Platone non pensava altrimenti, quando immaginò l'uomo come un carro spinto da tre cavalli focosi, tendenti verso l'alto o verso il basso.
San Tommaso d'Aquino parla ugualmente di anima «spirituale» (sattva), «irascibile» (rajas), «concupiscibile» (tamas).
E con bella spiegazione del «rajas», sostiene che il giudice, per far giustizia, deve saper adirarsi.

Da qui la gerarchia degli uomini; ma questa gerarchia si auto-imponeva naturalmente perché l'umanità indo-europea viveva in una temperie metafisica oggi perduta.
Risaliamo a tempi antichissimi.
Dumézil ha riconosciuto nel «flamen», nome maschile di forma neutra, la derivazione da «brahman».
I collegi dei sacerdoti detti «flamines» avevano cura ciascuno di Giove, Marte e Quirino, divinità tutelari dei tre «Stati», i sacerdoti, i guerrieri e i produttori.
Parimenti, nella guerra e poi nella fusione di Romani e Sabini, è dato intravvedere l'epica scandinava degli Asi e dei Vani, divinità prima nemiche poi unite per sempre e divenute indistinguibili.
Del resto, in eroi «storici» della storia romana primitiva, Orazio Coclite e Muzio Scevola, si celano figure della mitologia scandinava: Odinn l'Orbo (1), e Thor il Monco.
I Sabini portano alla banda guerriera di Romolo le donne e le «ricchezze», opes, della produzione agricola e dei tesori: sono i produttori, sotto il segno della fecondità.
Parimenti, fra gli Osseti, la società era divisa tra gli Intelligenti (Alaegatae), i Forti (Aehasaergkatae) e i Ricchi (Boratae).
In Roma, l'ordine duale può risalire alla realtà più primitiva in cui i due «stati» superiori, quello addetto ai riti e l'addetto alla guerra, erano ancora indistinti e si identificavano nel «rex» (raja), capo bellico e anche divinatore in contatto col divino, funzione ancora detenuta in età repubblicana dal «rex sacrorum».

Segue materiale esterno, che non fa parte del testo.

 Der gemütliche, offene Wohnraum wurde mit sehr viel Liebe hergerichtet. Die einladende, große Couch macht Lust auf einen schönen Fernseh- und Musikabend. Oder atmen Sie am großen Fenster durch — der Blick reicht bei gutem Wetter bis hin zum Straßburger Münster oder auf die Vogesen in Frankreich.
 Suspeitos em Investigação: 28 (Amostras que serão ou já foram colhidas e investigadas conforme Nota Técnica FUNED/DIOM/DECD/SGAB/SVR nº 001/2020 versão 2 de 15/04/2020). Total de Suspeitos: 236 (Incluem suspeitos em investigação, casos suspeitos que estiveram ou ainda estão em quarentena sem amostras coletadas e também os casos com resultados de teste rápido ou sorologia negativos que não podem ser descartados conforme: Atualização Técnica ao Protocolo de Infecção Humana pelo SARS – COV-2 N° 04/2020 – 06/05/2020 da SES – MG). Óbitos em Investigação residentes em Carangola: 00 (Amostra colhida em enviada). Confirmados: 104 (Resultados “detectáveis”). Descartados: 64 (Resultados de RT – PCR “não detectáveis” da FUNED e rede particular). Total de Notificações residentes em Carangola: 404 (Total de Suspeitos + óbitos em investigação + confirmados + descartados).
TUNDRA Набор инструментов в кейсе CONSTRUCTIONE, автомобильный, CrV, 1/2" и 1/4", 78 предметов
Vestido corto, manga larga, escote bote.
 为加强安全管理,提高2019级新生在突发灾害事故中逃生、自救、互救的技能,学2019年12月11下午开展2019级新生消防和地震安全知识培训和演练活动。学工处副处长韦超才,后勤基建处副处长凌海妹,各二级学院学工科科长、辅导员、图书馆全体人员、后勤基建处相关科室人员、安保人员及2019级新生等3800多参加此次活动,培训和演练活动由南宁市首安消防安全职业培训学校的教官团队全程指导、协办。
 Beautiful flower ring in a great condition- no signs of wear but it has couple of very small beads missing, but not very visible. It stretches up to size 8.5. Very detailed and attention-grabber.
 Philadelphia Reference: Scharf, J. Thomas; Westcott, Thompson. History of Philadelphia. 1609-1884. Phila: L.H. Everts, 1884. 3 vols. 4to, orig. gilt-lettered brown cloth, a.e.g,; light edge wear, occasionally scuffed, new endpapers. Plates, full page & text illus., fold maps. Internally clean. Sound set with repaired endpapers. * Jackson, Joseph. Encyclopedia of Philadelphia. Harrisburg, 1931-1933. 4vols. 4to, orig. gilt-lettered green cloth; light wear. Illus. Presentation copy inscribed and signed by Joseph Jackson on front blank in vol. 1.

Più tardi avvenne la distinzione.
In India, un richiamo nordico-ario assegna come animale sacro dei brahmani il Cinghiale, forse solo perché il nome indiano del facocero è «varaha», analogo del greco «borea» (che si pronunciava «vorea»), ossia «Nord»: ricordo della beata isola settentrionale sveta Dvipa, dove vigeva eterna la primavera e tutti gli uomini appartenevano alla sola casta più alta (dediti cioè esclusivamente alla contemplazione).
Alla casta guerriera spetta l'Orso, «Arcthos» (altro animale nordico), da cui il nome di re Artù.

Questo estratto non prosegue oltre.